Dataset entries
************

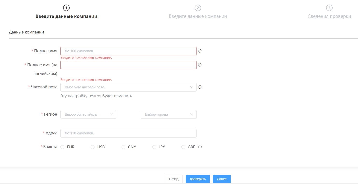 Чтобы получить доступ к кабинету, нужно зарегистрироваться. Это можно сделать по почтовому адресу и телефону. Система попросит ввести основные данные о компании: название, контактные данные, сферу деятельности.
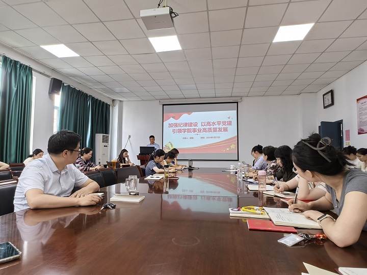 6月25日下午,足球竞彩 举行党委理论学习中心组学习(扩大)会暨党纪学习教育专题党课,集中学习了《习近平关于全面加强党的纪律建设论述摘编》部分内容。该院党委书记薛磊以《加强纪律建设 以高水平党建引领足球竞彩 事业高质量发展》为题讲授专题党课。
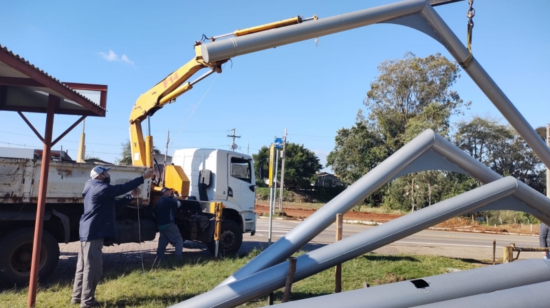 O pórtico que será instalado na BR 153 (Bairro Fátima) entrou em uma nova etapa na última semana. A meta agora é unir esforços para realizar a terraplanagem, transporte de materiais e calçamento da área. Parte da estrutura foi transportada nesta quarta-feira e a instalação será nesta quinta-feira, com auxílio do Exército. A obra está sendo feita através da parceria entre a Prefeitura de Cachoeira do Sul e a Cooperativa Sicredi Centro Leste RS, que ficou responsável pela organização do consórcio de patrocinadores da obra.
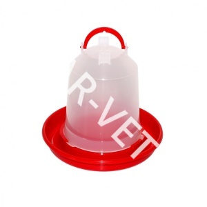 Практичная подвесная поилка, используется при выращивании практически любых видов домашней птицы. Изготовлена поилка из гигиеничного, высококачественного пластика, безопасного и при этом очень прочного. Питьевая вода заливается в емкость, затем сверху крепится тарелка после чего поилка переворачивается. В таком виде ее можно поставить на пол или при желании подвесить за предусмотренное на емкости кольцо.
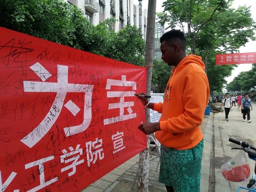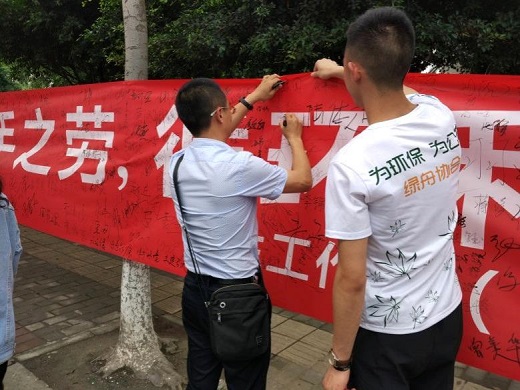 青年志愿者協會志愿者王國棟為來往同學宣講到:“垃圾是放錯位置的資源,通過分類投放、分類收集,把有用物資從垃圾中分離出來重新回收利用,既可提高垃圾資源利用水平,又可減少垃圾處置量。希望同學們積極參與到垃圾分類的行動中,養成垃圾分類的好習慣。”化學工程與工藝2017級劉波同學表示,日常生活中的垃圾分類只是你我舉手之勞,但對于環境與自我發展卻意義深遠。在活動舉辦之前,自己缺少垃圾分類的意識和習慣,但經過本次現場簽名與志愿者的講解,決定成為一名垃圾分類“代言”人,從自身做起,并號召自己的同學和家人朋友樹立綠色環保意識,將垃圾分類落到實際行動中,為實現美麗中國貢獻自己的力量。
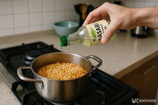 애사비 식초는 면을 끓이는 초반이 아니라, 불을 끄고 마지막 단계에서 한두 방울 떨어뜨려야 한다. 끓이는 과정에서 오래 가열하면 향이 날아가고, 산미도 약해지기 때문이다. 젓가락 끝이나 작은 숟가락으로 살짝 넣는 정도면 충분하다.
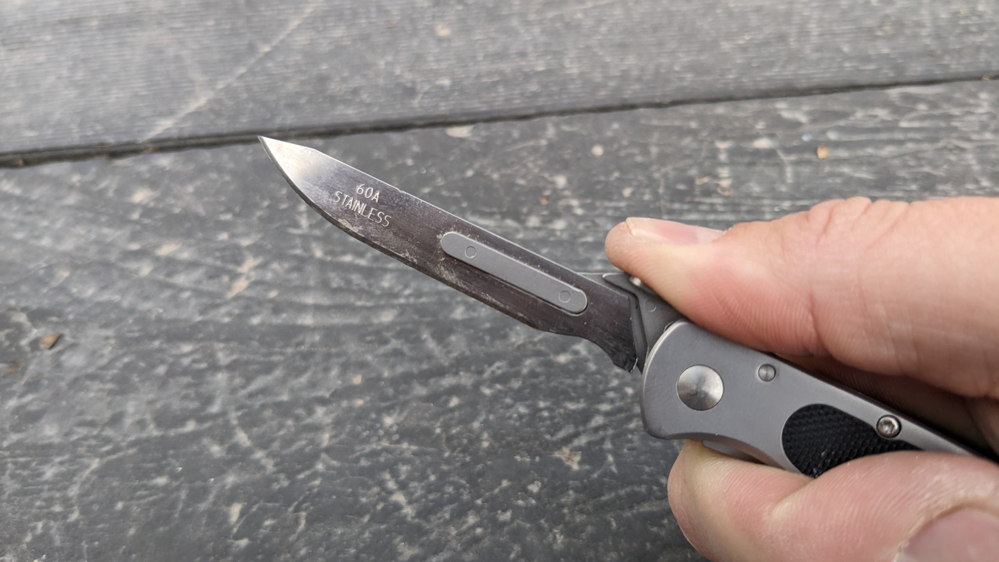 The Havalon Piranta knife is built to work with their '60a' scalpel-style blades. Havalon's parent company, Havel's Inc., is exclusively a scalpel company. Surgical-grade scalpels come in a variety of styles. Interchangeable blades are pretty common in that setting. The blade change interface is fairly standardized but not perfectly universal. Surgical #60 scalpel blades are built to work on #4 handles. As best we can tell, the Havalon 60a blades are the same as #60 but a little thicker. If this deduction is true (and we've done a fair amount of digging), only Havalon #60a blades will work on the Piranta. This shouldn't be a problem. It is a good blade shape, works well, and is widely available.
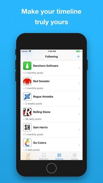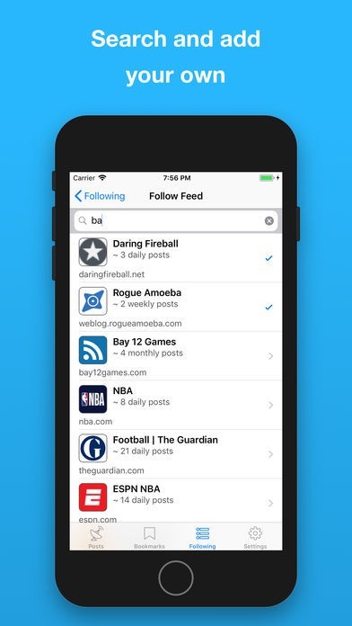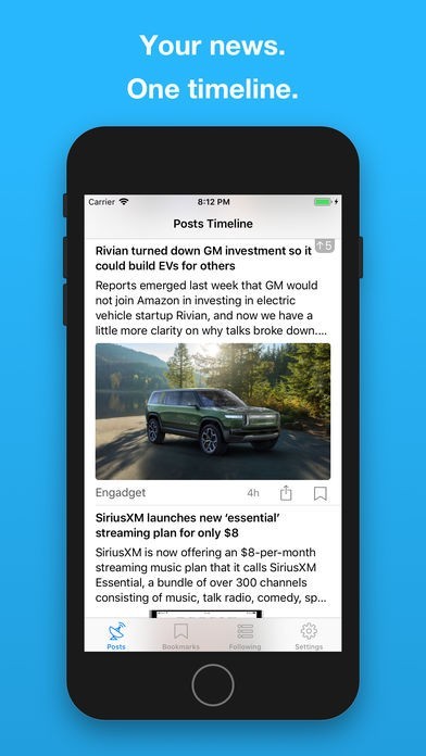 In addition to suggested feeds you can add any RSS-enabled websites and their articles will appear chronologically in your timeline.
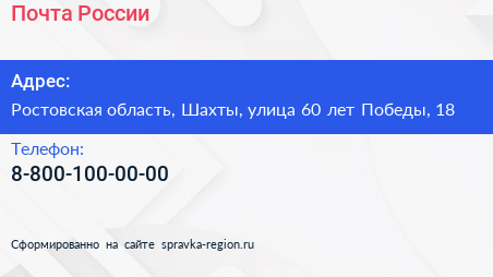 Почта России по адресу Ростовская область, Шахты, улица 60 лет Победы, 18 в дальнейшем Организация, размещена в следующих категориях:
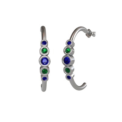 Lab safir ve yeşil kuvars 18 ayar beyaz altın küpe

************

Leaving pictures out, output the lines of the data above from the one with "青年志愿者協會志愿者王國棟為" through the one with "애사비 식초는 면을 끓이는", word for word.

• [SOLUTION TO THE PROBLEM]:
 青年志愿者協會志愿者王國棟為來往同學宣講到:“垃圾是放錯位置的資源,通過分類投放、分類收集,把有用物資從垃圾中分離出來重新回收利用,既可提高垃圾資源利用水平,又可減少垃圾處置量。希望同學們積極參與到垃圾分類的行動中,養成垃圾分類的好習慣。”化學工程與工藝2017級劉波同學表示,日常生活中的垃圾分類只是你我舉手之勞,但對于環境與自我發展卻意義深遠。在活動舉辦之前,自己缺少垃圾分類的意識和習慣,但經過本次現場簽名與志愿者的講解,決定成為一名垃圾分類“代言”人,從自身做起,并號召自己的同學和家人朋友樹立綠色環保意識,將垃圾分類落到實際行動中,為實現美麗中國貢獻自己的力量。
 애사비 식초는 면을 끓이는 초반이 아니라, 불을 끄고 마지막 단계에서 한두 방울 떨어뜨려야 한다. 끓이는 과정에서 오래 가열하면 향이 날아가고, 산미도 약해지기 때문이다. 젓가락 끝이나 작은 숟가락으로 살짝 넣는 정도면 충분하다.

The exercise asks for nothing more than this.